== SUPPLIED MATERIAL ==
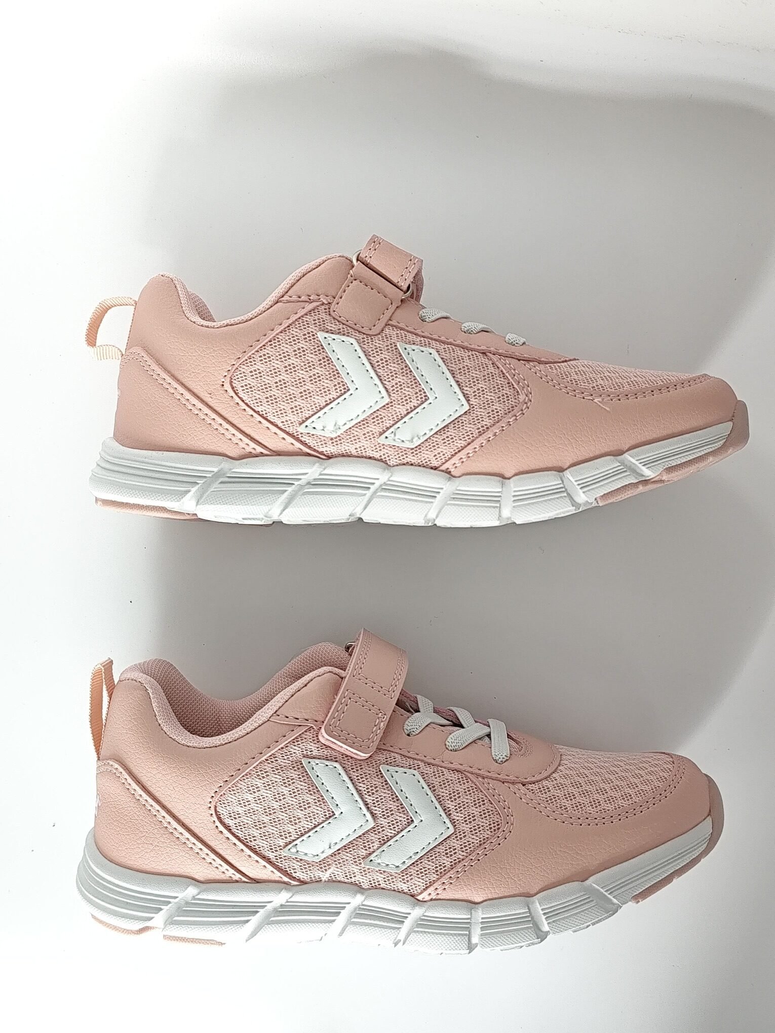 Sportiniai batai mergaitėms: Hummel Speed JR Peach Whip. Kokybiški, lengvi ir patogiai apsiaunami, užsegimas velkro lipdukais. Papildomo komforto suteikia elastinės juostelės. Švelniai rausvos spalvos. Puikus pasirinkimas laisvalaikiui ar sporto būreliams, darželiui, mokyklai.
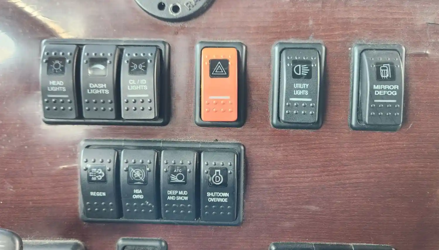 (Used) 2018 Western Star 5700, MISCELLANEOUS DASH SWITCHES- Controls: Headlights, Dash Lights, CL/ID Lights, Hazard Lights, Utility Lights, Mirror Defog, Sleeper Lights, Susp Hgt, Fifth Wheel Slide, Inter Axle Diff Lock, Material: Aluminum with Plastic, Reference images for condition,
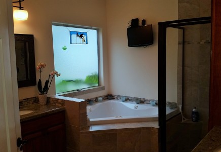 The large master bedroom features dual walk-in closets with extra shelving. The huge master bath includes a Jacuzzi tub, large tile shower, private glass window, and a separate water closet. The glass window lets in an abundance of natural light, which really makes this master bath something special.
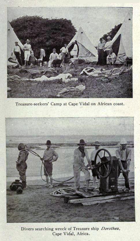 "Treasure-seekers camp at Cape Vidal on African coast" and "Divers searching wreck of treasure ship Dorothea, Cape Vidal, Africa".
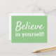 Motivational, inspirational quote, "Believe in yourself!." This is a postcard featuring words of wisdom to live by daily. Design has white font on a delicate green background. Colours of both font and background can be easily customised in the Zazzle design tool section. Other designs available.
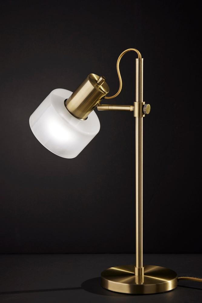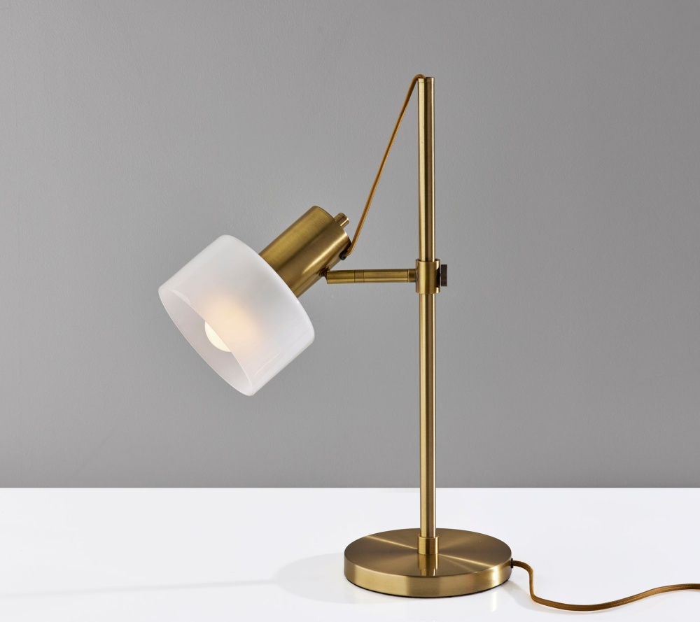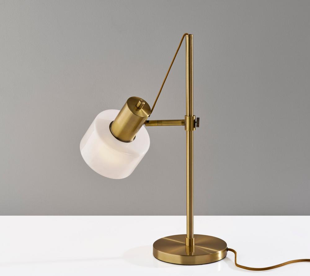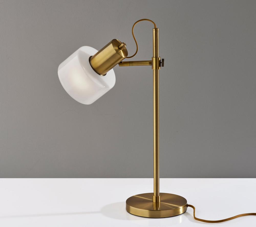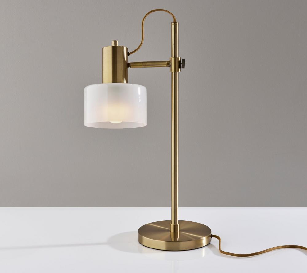 Introducing the 3939-21 Rhodes Desk Lamp, a refined and functional lighting solution that effortlessly combines vintage aesthetics with contemporary design. This desk lamp boasts an Antique Brass finish that adds a touch of timeless elegance to your decor. Its glass shade is a study in contrast, featuring a glossy white exterior for a modern twist, while the frosted interior diffuses a soft and inviting glow. With a height of 23 inches and an adjustable shade, the Rhodes Desk Lamp offers both focused illumination and style, making it a versatile addition to your workspace. Designed for user-friendly operation, this lamp features an on/off rotary switch conveniently located on the shade, allowing you to control the lighting with ease. The beige fabric-covered cord complements the lamp's design, adding a subtle touch of sophistication. The Rhodes Desk Lamp seamlessly combines form and function, making it an ideal choice for enhancing the ambiance of your workspace.
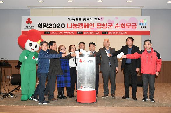 「희망2020 나눔캠페인」평창군 연합모금은 11월 20일부터 내년 1월 31일까지(73일간) 전개되며, 성금 모금에 참여하고자 하는 분은 군 주민복지과(033-330-2154) 또는 각 읍·면사무소 주민복지부서로 문의하면 된다.
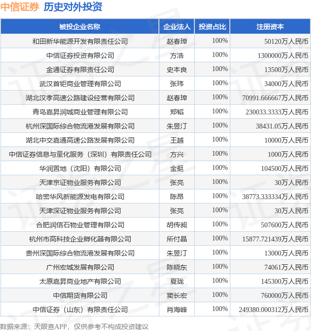 证券之星消息,根据天眼查APP显示,中信证券(600030.SH)新增一起对外投资事件,被投资公司为和田新华能源开发有限责任公司,法定代表人赵春璋,投资占比为100%。该公司从事电力、热力生产和供应业,注册资本为50120万人民币。目前,中信证券共存在对外投资314项,投资占比前20的项目见下表:

== WHAT IS REQUIRED ==
Each line between the one holding "camp at Cape" and the one holding "Introducing the 3939-21", inclusive, should be copied exactly as it appears above, and pictures should be omitted.

== SOLUTION TO THIS EXERCISE ==
 "Treasure-seekers camp at Cape Vidal on African coast" and "Divers searching wreck of treasure ship Dorothea, Cape Vidal, Africa".
 Motivational, inspirational quote, "Believe in yourself!." This is a postcard featuring words of wisdom to live by daily. Design has white font on a delicate green background. Colours of both font and background can be easily customised in the Zazzle design tool section. Other designs available.
 Introducing the 3939-21 Rhodes Desk Lamp, a refined and functional lighting solution that effortlessly combines vintage aesthetics with contemporary design. This desk lamp boasts an Antique Brass finish that adds a touch of timeless elegance to your decor. Its glass shade is a study in contrast, featuring a glossy white exterior for a modern twist, while the frosted interior diffuses a soft and inviting glow. With a height of 23 inches and an adjustable shade, the Rhodes Desk Lamp offers both focused illumination and style, making it a versatile addition to your workspace. Designed for user-friendly operation, this lamp features an on/off rotary switch conveniently located on the shade, allowing you to control the lighting with ease. The beige fabric-covered cord complements the lamp's design, adding a subtle touch of sophistication. The Rhodes Desk Lamp seamlessly combines form and function, making it an ideal choice for enhancing the ambiance of your workspace.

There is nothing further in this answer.